The PoseNetCNN model combines traditional CNN features with pose key points data. This model processes key points through a separate multi-layer perceptron (MLP), merges them with CNN-derived features, and further processes the combined data through an extensive MLP for classification. The model employs Leaky ReLU activations for the key points MLP to mitigate the dying ReLU problem.

In [None]:
class PoseNetCNN(nn.Module):
    def __init__(self, num_keypoints=17, num_classes=1, lrelu_tr=0.1):
        super(PoseNetCNN, self).__init__()
        self.name="PoseNetCNN"

        self.cnn = nn.Sequential(
            nn.Conv2d(3, 32, 3, padding=1),
            nn.ReLU(),
            nn.MaxPool2d(2, 2),  # 112x112x32
            nn.Conv2d(32, 64, 3, padding=1),
            nn.ReLU(),
            nn.MaxPool2d(2, 2),  # 56x56x64
            nn.Conv2d(64, 128, 3, padding=1),
            nn.ReLU(),
            nn.MaxPool2d(2, 2),  # 28x28x128
        )


        self.yoloMLP = nn.Sequential(
            nn.Linear(num_keypoints * 2, 128),  # 17 * 2 (x, y)
            nn.LeakyReLU(lrelu_tr),
            nn.Linear(128, 64),
            nn.LeakyReLU(lrelu_tr)
        )

        self.combinedMLP = nn.Sequential(
            nn.Linear(128 * 28 * 28 + 64, 1024),
            nn.ReLU(),
            nn.Linear(1024, 256),
            nn.ReLU(),
            nn.Linear(256, 128),
            nn.ReLU(),
            nn.Linear(128, num_classes)
        )

    def forward(self, x, keypoints):
        # CNN
        x = self.cnn(x)
        x = torch.flatten(x, 1)

        # yoloMLP
        keypoints = keypoints.view(keypoints.size(0), -1) #
        yoloMLP_out = self.yoloMLP(keypoints)

        # concat
        concat_features = torch.cat((x, yoloMLP_out), dim=1)
        #
        output = self.combinedMLP(concat_features)

        return output

In [None]:
yoloPoseModel = YOLO('F:/UT_MIE/MIE1517/Project/yolov8n-pose.pt')

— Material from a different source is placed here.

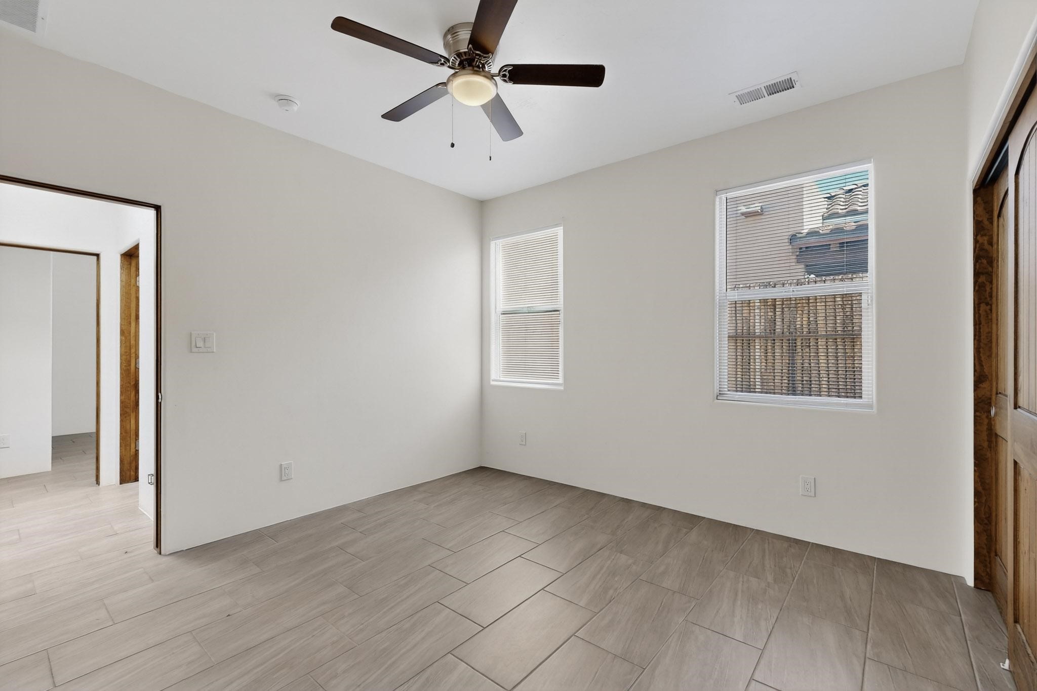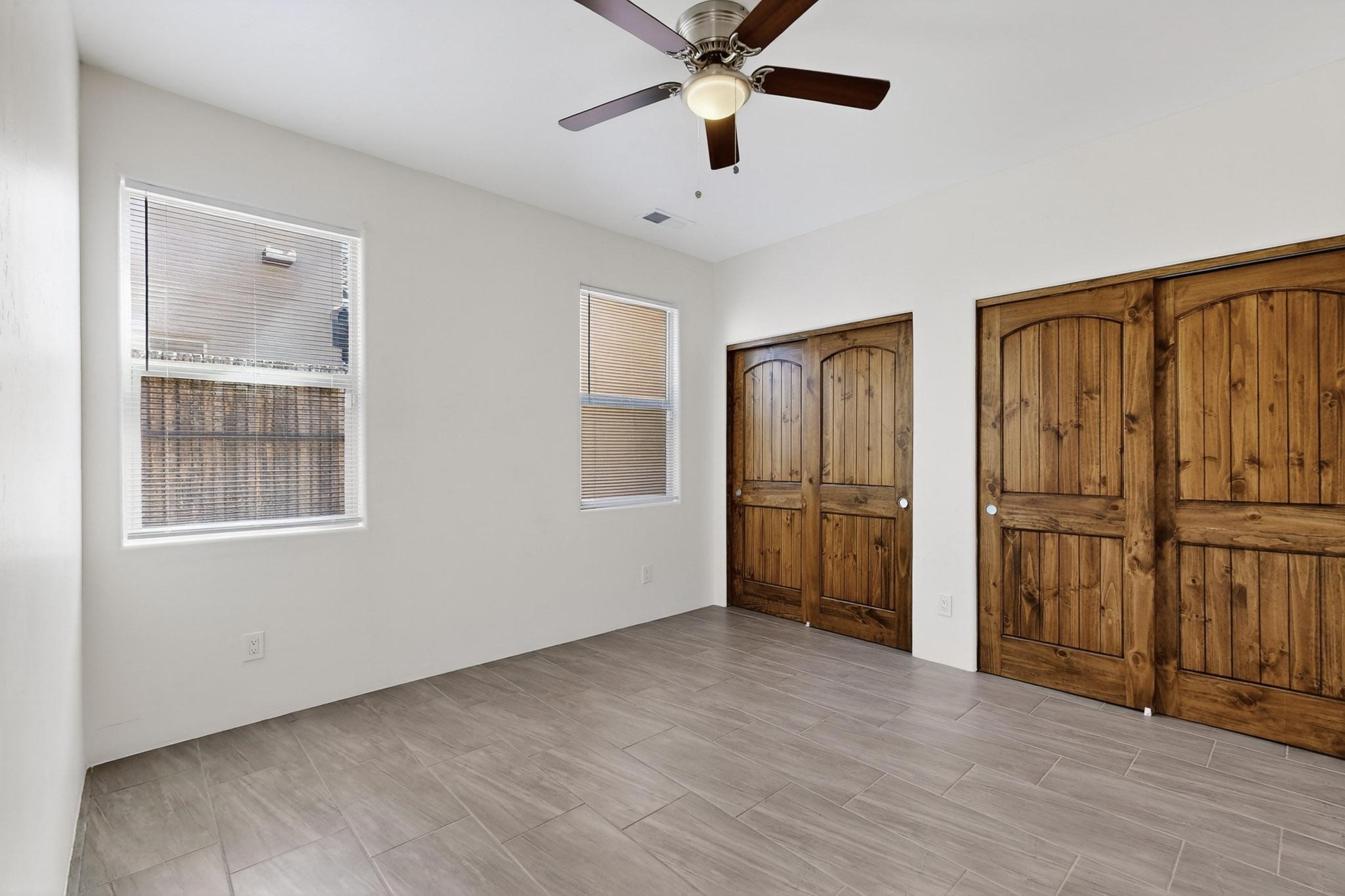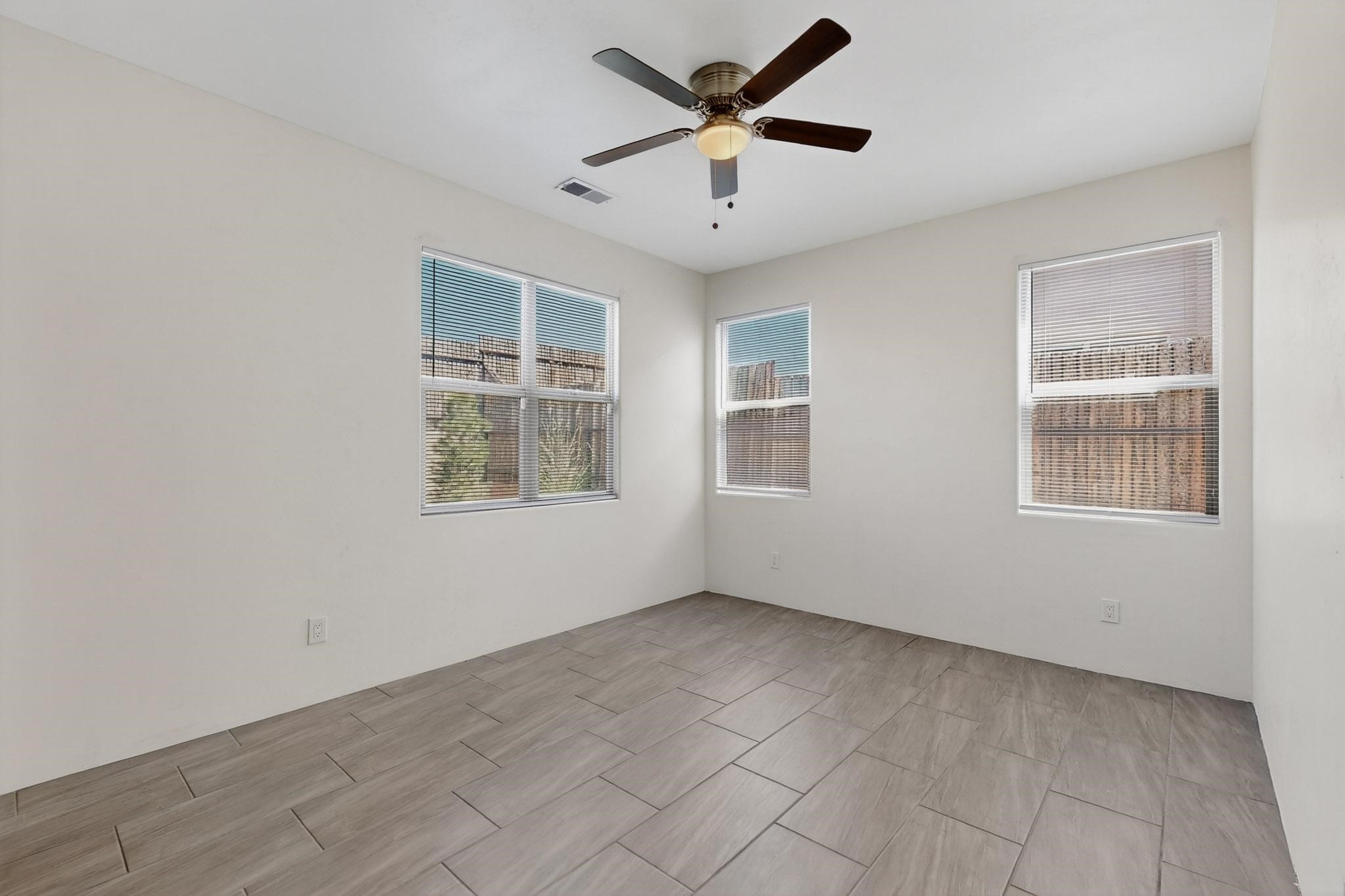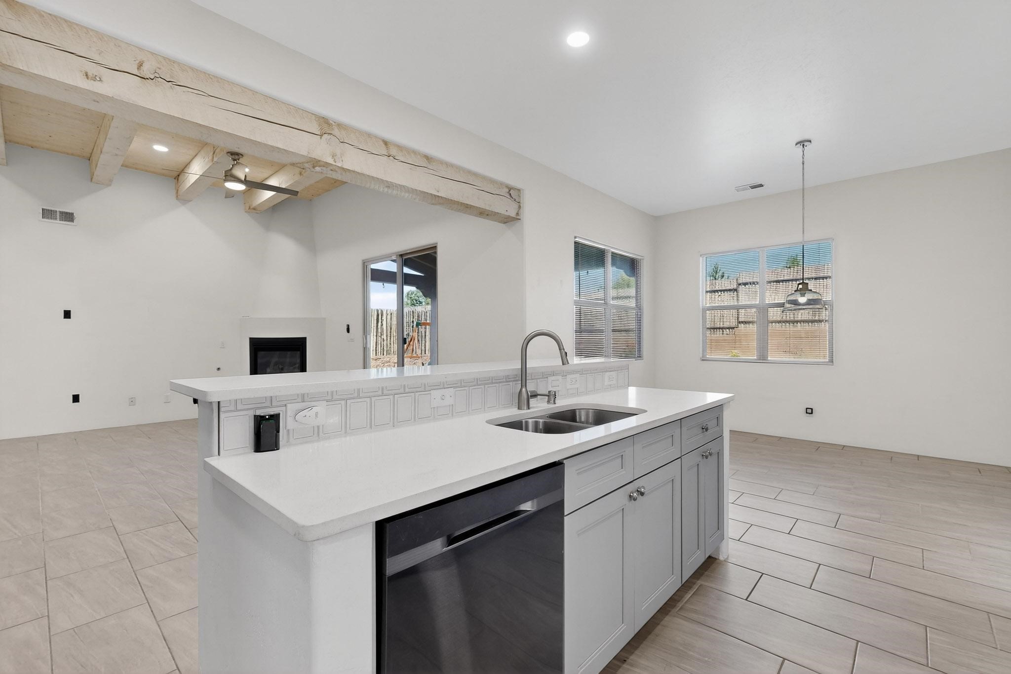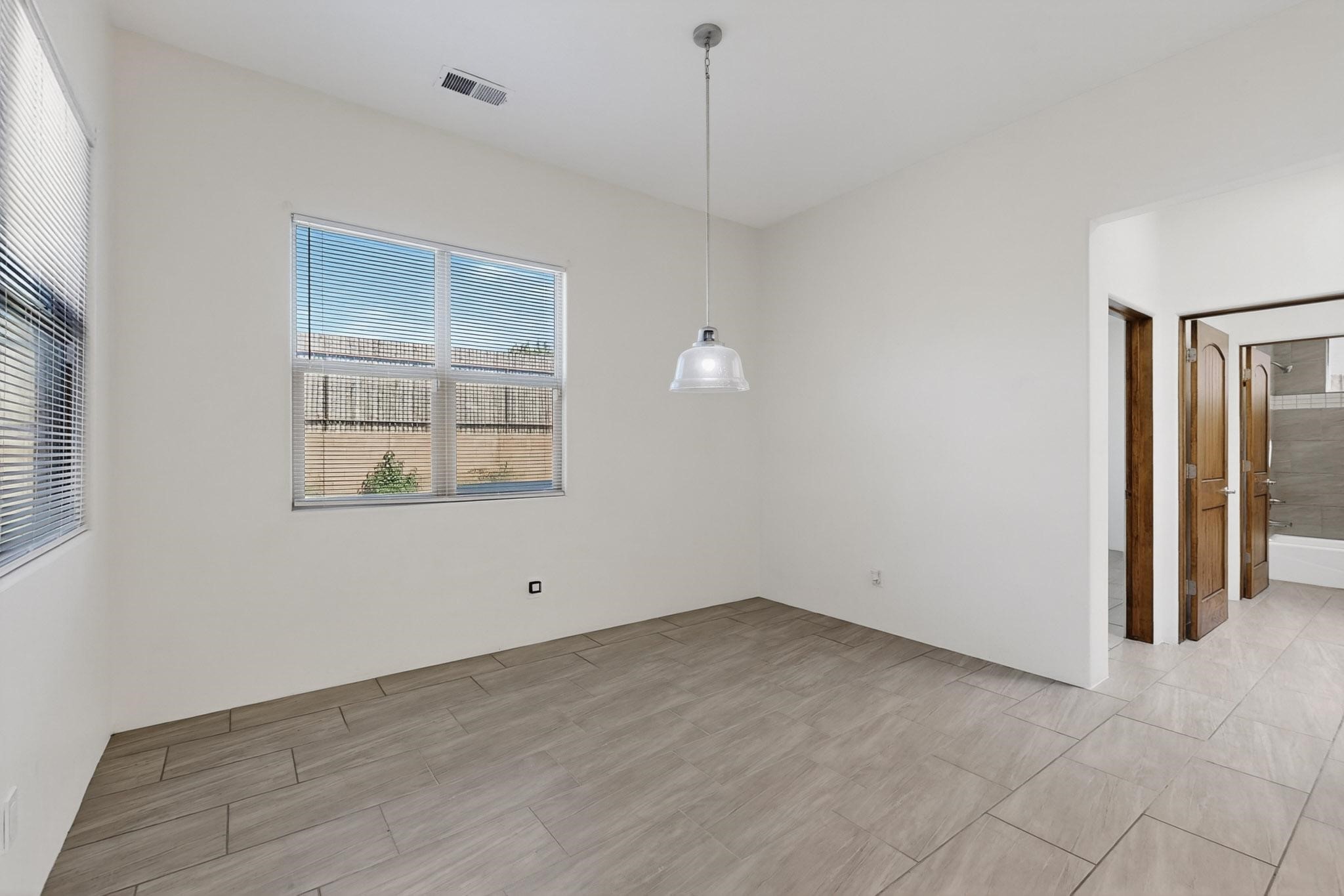 This San Miguel floor plan is a 2268 sq. ft. with 4 bedrooms and 2.5 baths located in the tranquil La Pradera community. The exterior has a pitched Spanish design with a clay tile roof and covered portals with heavy wood beams and brick pavers. The driveway is a colored stamped concrete design. The home is entered through an 8 ft. door to light wood-like porcelain floor tiles, with a powder room to the right and a hallway to the left with a nicho accented wall leading to the the 4th guest bedroom which could also serve as a wonderful office or media room with it's inviting kiva fireplace. The primary bath has a large walk-in shower with euro-style shower fixtures and an overhead rain shower head. There is also a very large oversized primary closet. The living room has white-stained beams and T&G trim and another kiva fireplace. The open kitchen has a separate dining area along with the bar seating. The insulated garage has 2 separate storage areas. The back yard is completely landscaped with established plantings which include roses bushes, grass, gravel and coyote fencing all around. This is a great home for all! Virtual staging and fires in fireplaces digitally created.

PoseNetCNN_model = PoseNetCNN()
# # data parallel
# # model = nn.DataParallel(model, device_ids=[0, 1])
PoseNetCNN_model.to(torch.device("cuda:0"))

train_PoseNetCNN(train_dataset=train_dataset,
            val_dataset=val_dataset,
            model=PoseNetCNN_model,
            num_epochs=10,
            bsz=64,
            lr=0.001,
            patience=3,
            PoseNetModel=yoloPoseModel,
            use_gpu=True,
            plot_=True,
            model_dir='models')

### **2.3.2 PoseNet + SqueezeNet**

The PoseNetSqueeze class modifies the SqueezeNet architecture to specialize in pose estimation by integrating pose key points with SqueezeNet's extracted features. Key adjustments include removing SqueezeNet's original classifier and replacing it with a new sequence tailored for pose estimation, incorporating a separate MLP for processing key points data, and combining these features through an additional MLP for final predictions.

In [None]:
class PoseNetSqueeze(nn.Module):
    def __init__(self, num_keypoints=17, num_classes=1, lrelu_tr=0.1, pretrained=True):
        super(PoseNetSqueeze, self).__init__()
        self.name = "PoseNetSqueeze"

        # Load a pretrained SqueezeNet model
        self.squeezenet = models.squeezenet1_0(pretrained=pretrained)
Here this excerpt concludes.